Immunotherapy is a rapidly developing approach toward cancer therapy. Several immune modulators such as anti-PD1 or anti-CTLA-4 antibody have been successfully used in clinics and in the FDA approval process . DNA vaccines constitute a promising segment within cancer immunotherapy. The first anti-melanoma DNA vaccine (Oncept) is approved already for veterinary application . DNA vaccines may possess numerous advantages as compared to traditional anticancer drugs including, but not limited to, minimal toxicity, immunological memory, and the fact that they could be used both for therapeutic and preventive purposes. Anti-cancer DNA vaccines have to be developed against antigens exposed on the cell surface as well as intracellular oncoproteins (e.g. survivin, WT-1, PRL-3 and others [3-5]).

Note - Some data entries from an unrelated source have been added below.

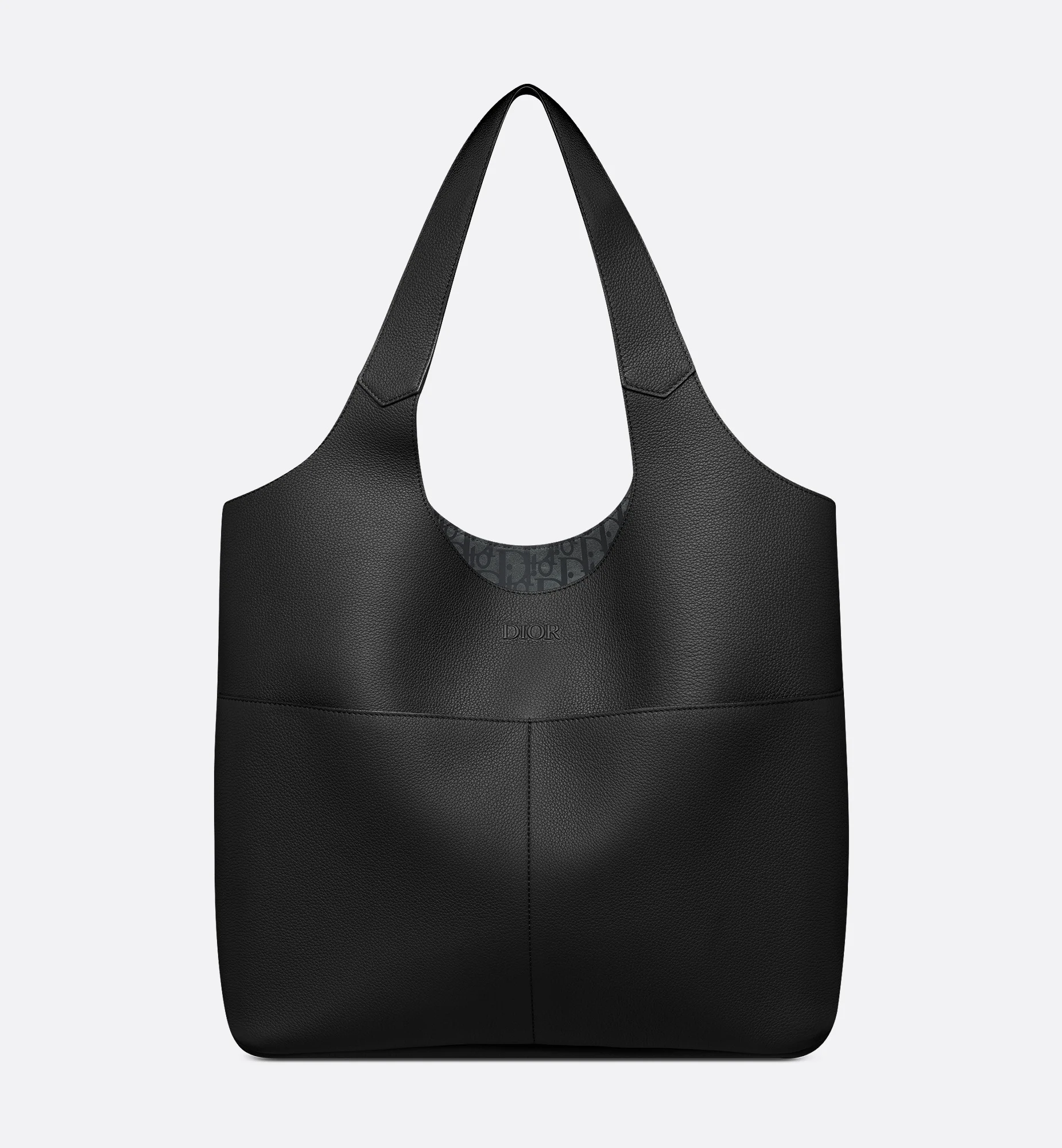 New for Fall 2025, the Dior Prive tote bag is refined and timeless. Made in black Dior Icons calfskin, it is enhanced by the Dior signature delicately debossed on the front. It has two slip pockets on the front, as well as a Dior Oblique baby suede interior with a spacious compartment and removable zip pouch. The tonal leather top handles allow the bag to be worn over the shoulder. - Main composition: calfskin - Cowhide suede lining - Open main compartment - Removable interior zip pouch - Two front slip pockets - Leather top handles - Debossed Dior signature on the front - Embossed Dior signature on the interior - Dust bag included - Made in Italy Size & Fit - Dimensions: 39.5 x 35 x 15 cm / 15.5 x 14 x 6 inches (Length x Height x Width) - The main compartment's size is suitable for a 15-inch laptop computer, A4 documents and a tablet - Top handle length: 48 cm / 19 inches - Top handle drop length: 29 cm / 11.5 inches - Weight: 1.1 kg / 2.5 pounds - Size and weight details may vary depending on the product's material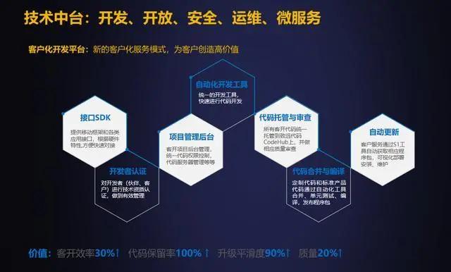 它具备自定义模式的开发运维能力,从一个开发者平台来看,具有接口SDK能力,开发者认证能力,管理后台的能力,自动化开发工具,自动更新等能力。它实现的价值就是提升开发效率,加强运维,突破瓶颈。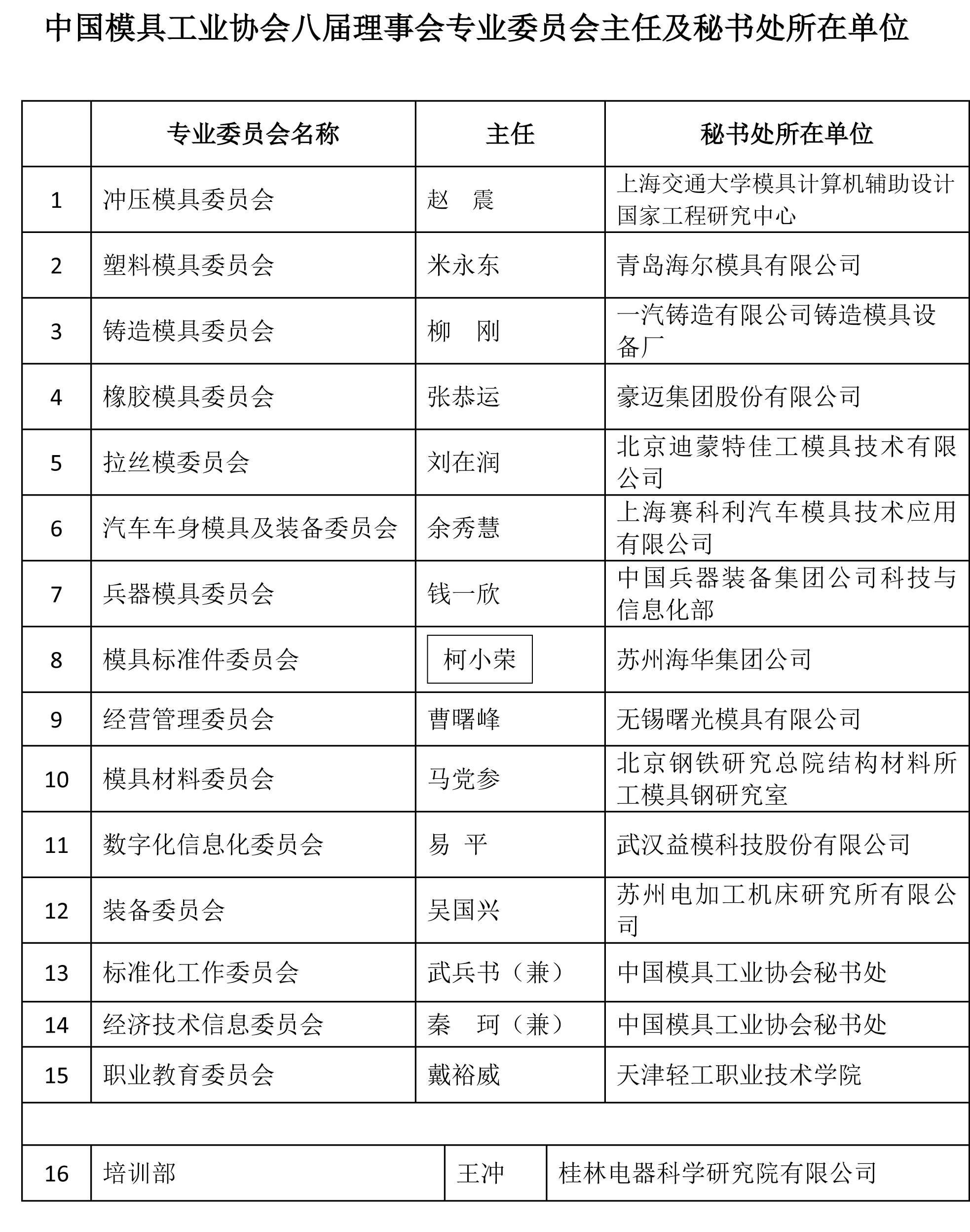 中國模具工業(yè)協(xié)會八屆理事會專業(yè)委員會主任及秘書處所在單位

Despite great promise, DNA vaccines generally elicit insufficient immune response against tumors. While being strongly immunogenic in mice, many DNA vaccines failed to elicit adequate immune response in bigger animals and humans. Multiple approaches have been tested providing a basis for hope that this bottleneck can be resolved, including advanced methods of delivery (e.g. electroporation or needle-free transdermal delivery [6, 7]), novel adjuvants and methods of antigen modifications specifically designed for DNA vaccines [8, 9], heterologous prime-boost vaccination regimens [10-12], combination with immunomodulators like anti-PD1 or anti-CTLA-4 antibody, or antagonists of A2A receptor . Despite the improving response to antigens, these approaches only extend life expectancy of patients by several months, and eventually cancer relapses.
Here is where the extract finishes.